**GOAL OF THE EXERCISE**
Copy out each line from the material where the word "управления" is found.

**DATA FOR THIS EXERCISE**

--------

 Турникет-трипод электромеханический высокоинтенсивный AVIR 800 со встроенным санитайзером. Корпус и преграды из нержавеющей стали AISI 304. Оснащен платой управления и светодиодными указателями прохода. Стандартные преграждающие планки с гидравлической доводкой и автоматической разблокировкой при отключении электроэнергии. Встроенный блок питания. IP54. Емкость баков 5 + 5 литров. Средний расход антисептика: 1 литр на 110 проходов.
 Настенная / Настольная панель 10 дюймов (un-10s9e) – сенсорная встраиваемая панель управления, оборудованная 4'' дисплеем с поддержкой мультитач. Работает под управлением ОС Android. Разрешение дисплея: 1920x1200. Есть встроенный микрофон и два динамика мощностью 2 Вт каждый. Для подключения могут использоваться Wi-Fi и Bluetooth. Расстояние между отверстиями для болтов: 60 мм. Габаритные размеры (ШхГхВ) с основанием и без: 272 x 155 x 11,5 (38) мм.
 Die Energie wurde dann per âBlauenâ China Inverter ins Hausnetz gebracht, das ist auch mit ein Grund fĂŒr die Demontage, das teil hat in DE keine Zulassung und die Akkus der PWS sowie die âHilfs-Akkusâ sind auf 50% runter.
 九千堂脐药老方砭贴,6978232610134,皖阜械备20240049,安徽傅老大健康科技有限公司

--------

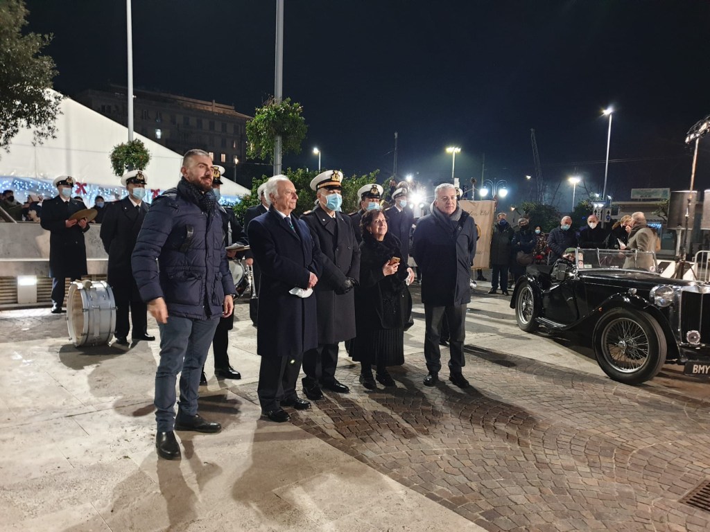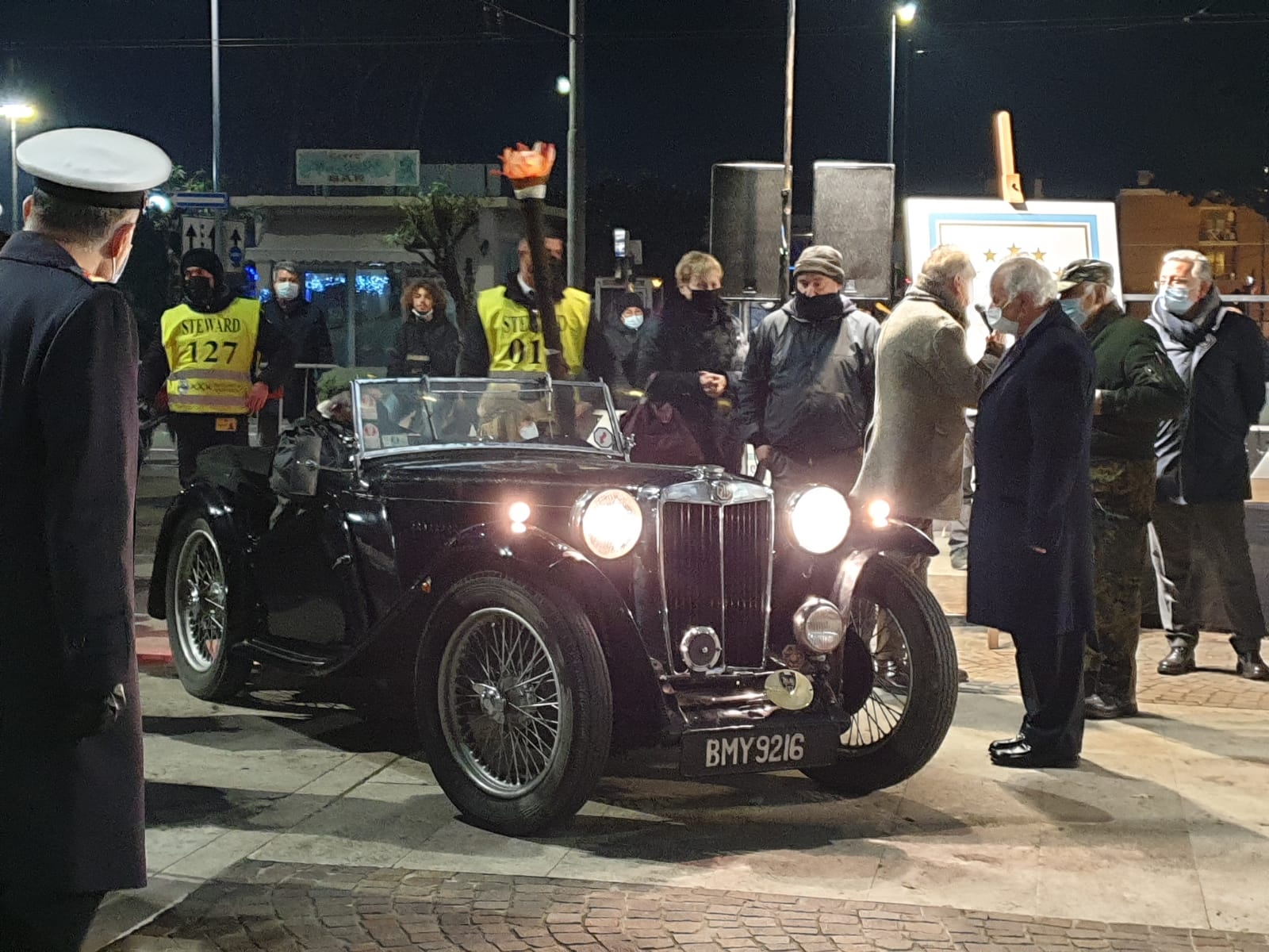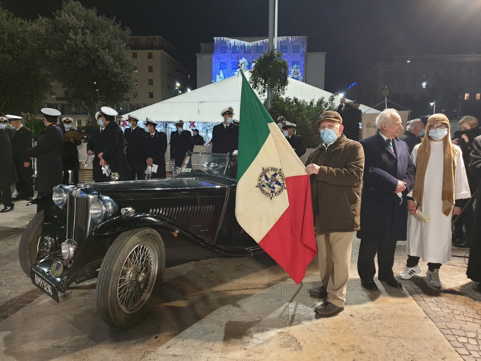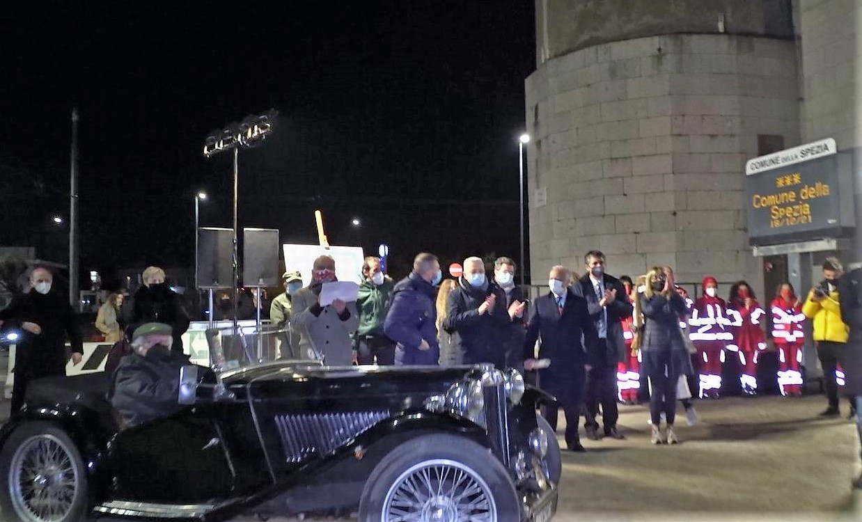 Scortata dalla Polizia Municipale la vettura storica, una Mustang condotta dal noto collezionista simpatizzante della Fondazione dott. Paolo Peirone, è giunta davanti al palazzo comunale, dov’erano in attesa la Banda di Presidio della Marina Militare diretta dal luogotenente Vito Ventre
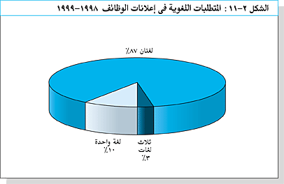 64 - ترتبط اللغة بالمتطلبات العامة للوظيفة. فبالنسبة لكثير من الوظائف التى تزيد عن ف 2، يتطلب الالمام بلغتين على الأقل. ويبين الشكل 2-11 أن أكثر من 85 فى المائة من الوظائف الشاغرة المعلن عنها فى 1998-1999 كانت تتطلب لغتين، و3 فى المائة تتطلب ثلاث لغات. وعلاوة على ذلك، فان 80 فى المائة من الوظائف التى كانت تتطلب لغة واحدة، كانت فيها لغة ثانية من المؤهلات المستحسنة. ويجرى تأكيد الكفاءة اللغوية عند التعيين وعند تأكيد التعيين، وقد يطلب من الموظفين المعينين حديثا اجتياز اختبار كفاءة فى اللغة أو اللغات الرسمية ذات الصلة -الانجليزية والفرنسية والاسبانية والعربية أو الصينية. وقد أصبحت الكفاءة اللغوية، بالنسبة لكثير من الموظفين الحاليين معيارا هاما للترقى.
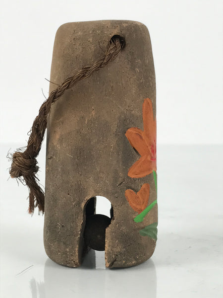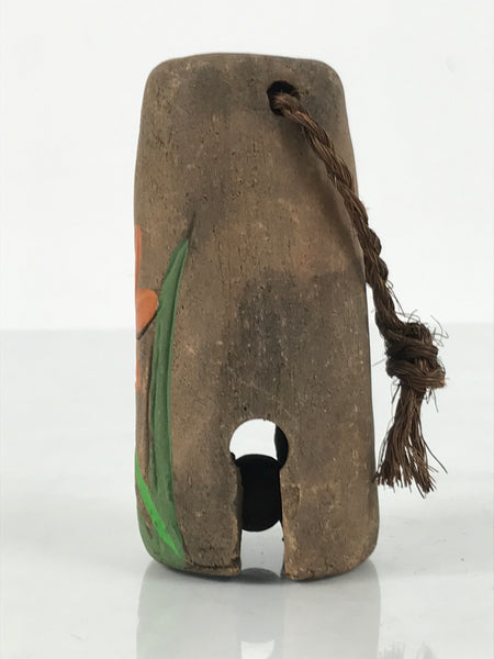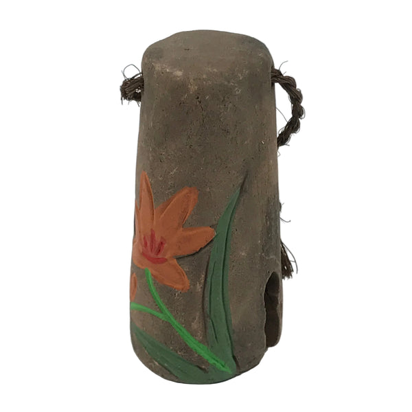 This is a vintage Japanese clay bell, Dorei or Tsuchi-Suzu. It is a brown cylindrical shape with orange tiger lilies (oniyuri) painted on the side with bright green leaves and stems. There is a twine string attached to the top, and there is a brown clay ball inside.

--------

**PROBLEM SOLUTION**
 Турникет-трипод электромеханический высокоинтенсивный AVIR 800 со встроенным санитайзером. Корпус и преграды из нержавеющей стали AISI 304. Оснащен платой управления и светодиодными указателями прохода. Стандартные преграждающие планки с гидравлической доводкой и автоматической разблокировкой при отключении электроэнергии. Встроенный блок питания. IP54. Емкость баков 5 + 5 литров. Средний расход антисептика: 1 литр на 110 проходов.
 Настенная / Настольная панель 10 дюймов (un-10s9e) – сенсорная встраиваемая панель управления, оборудованная 4'' дисплеем с поддержкой мультитач. Работает под управлением ОС Android. Разрешение дисплея: 1920x1200. Есть встроенный микрофон и два динамика мощностью 2 Вт каждый. Для подключения могут использоваться Wi-Fi и Bluetooth. Расстояние между отверстиями для болтов: 60 мм. Габаритные размеры (ШхГхВ) с основанием и без: 272 x 155 x 11,5 (38) мм.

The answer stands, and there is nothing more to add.